● Exercise aim
Which lines of the entries below run from the one holding "2.取泡好的越南春卷皮分别包" to the one holding "锅内放少许油加热后,放入鸡胸肉和胡萝卜翻炒几下后加入海鲜酱油和十三香", inclusive? Set down exactly those lines and no others.

● Supplied records

==================================================

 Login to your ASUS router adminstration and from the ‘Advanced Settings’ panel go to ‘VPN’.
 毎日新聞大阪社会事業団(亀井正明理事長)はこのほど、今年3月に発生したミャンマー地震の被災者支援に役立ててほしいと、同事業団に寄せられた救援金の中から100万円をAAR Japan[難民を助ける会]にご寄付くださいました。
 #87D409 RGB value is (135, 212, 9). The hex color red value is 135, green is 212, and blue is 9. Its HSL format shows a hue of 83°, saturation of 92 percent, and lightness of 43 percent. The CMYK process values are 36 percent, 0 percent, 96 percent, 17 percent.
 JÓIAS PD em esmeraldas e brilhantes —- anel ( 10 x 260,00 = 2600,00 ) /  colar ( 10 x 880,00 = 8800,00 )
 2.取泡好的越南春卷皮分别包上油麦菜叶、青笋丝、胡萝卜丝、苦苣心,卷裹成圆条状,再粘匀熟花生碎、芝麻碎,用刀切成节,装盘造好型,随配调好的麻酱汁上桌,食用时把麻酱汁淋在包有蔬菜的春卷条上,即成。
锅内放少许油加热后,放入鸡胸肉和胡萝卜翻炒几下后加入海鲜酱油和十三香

==================================================

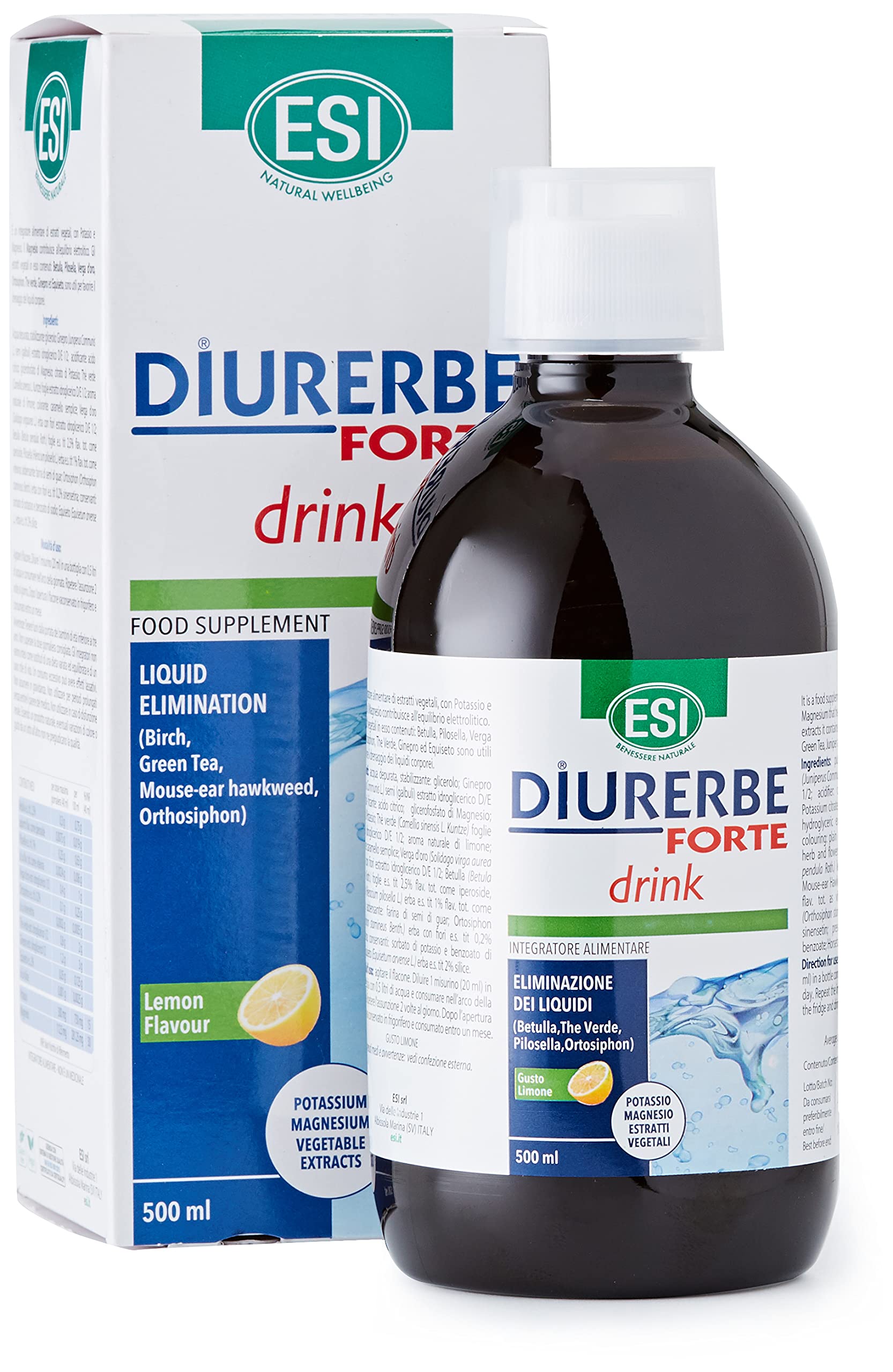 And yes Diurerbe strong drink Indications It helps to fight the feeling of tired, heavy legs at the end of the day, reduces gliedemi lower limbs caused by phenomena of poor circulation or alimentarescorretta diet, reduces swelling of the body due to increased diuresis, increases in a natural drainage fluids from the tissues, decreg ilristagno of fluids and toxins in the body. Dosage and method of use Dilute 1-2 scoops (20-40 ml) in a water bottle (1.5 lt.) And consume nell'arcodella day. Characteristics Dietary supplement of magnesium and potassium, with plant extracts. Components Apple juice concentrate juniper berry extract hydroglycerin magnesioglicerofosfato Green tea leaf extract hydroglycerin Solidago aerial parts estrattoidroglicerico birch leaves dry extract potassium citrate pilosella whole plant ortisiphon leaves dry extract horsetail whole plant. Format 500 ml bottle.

==================================================

● Finished task
 2.取泡好的越南春卷皮分别包上油麦菜叶、青笋丝、胡萝卜丝、苦苣心,卷裹成圆条状,再粘匀熟花生碎、芝麻碎,用刀切成节,装盘造好型,随配调好的麻酱汁上桌,食用时把麻酱汁淋在包有蔬菜的春卷条上,即成。
锅内放少许油加热后,放入鸡胸肉和胡萝卜翻炒几下后加入海鲜酱油和十三香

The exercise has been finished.